━━━━━ AVAILABLE DATA ━━━━━

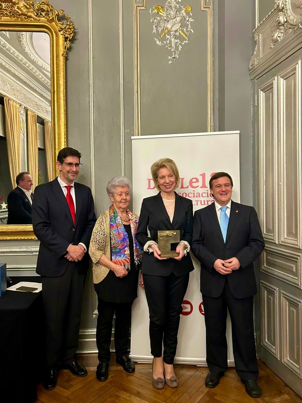 En la foto, Almudena acompañada por miembros de la junta directiva de la Asociación Cultural Doble12
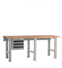 Металлические элементы верстаков окрашены эпоксидной порошковой краской, устойчивой к механическим воздействиям и агрессивным жидкостям. Ящики, дверцы тумб и стойки экрана – цвет антрацитово-серый RAL 7016, остальные элементы – цвет серый RAL 7038.
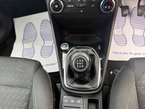 .City Pack,Shadow Black, Ford DAB Radio with Ford SYNC3 - Apple Car Play and Android Auto, Trip Computer, Tyre Pressure Monitoring System - TPMS, 15in Alloy Wheels - 8 Spoke, Body Coloured Electrically Operated Door Mirrors with Integrated Side Indicators, Chrome Belt Line Finisher, Chrome Upper Grille, Door Handles - Body Colour, Electrically-Operated Front Windows with One Touch Drivers, Front Bumper - Body Colour, Quickclear Heated Windscreen, Rear Bumper - Body Coloured Upper and Self Colour Lower, Rear Spoiler - Body Colour, Tyre Repair Kit, Wipers - Standard with 6 Speed Interval Settings, Front Fog Lamps with Cornering Lights, Headlights - Automatic On-Off, Headlights - Halogen Projector with Black Bezel and Dedicated LED Daytime Running Lights, 3-Spoke Leather Trimmed Steering Wheel with Audio Controls, Air Conditioning - Manual, Centre Console with Two Cupholders and 12V Power Point, Courtesy Light - Front Map Light and Rear - Overhead LED, Door Lever - Chrome Finish, Gearshift Knob - Leather-Trimmed, Glovebox - Illuminated, Headliner - Woven, Leather-Trimmed Handbrake, Manual Drivers Seat Height Adjustment, MyKey, Overhead Console - Sunglasses Holder, Rear Fog Lamps, Rear Seat - 60-40 Split Back and Cushion, Seats - Front Comfort Style, Steering Column - Rake and Reach Adjustment, Warning Triangle Storage, Power Steering, ABS - Anti-lock Braking System, Airbags - Driver, Airbags - Front and Rear Side Curtain, Airbags - Front Passenger, Airbags - Side Curtain, Airbags - Side Impact, EBD - Electronic Brakeforce Distribution, Electronic Stability Control - ESC with Traction Control and Emergency Brake Assist - EBA, Electronic Stability Programme - ESP with Hill Start Assist, Ford Easy Fuel System, IPS - Intelligent Protection System, NCAP Pack, Remote Central Locking and Engine Immobiliser, Tailgate Wash-Wipe, Thatcham Alarm

━━━━━

• EXERCISE GOAL:
Restate the data word for word from its first line through the line with "Металлические элементы верстаков", leaving out any picture along the way.

• REPLY TO THE TASK:
 En la foto, Almudena acompañada por miembros de la junta directiva de la Asociación Cultural Doble12
 Металлические элементы верстаков окрашены эпоксидной порошковой краской, устойчивой к механическим воздействиям и агрессивным жидкостям. Ящики, дверцы тумб и стойки экрана – цвет антрацитово-серый RAL 7016, остальные элементы – цвет серый RAL 7038.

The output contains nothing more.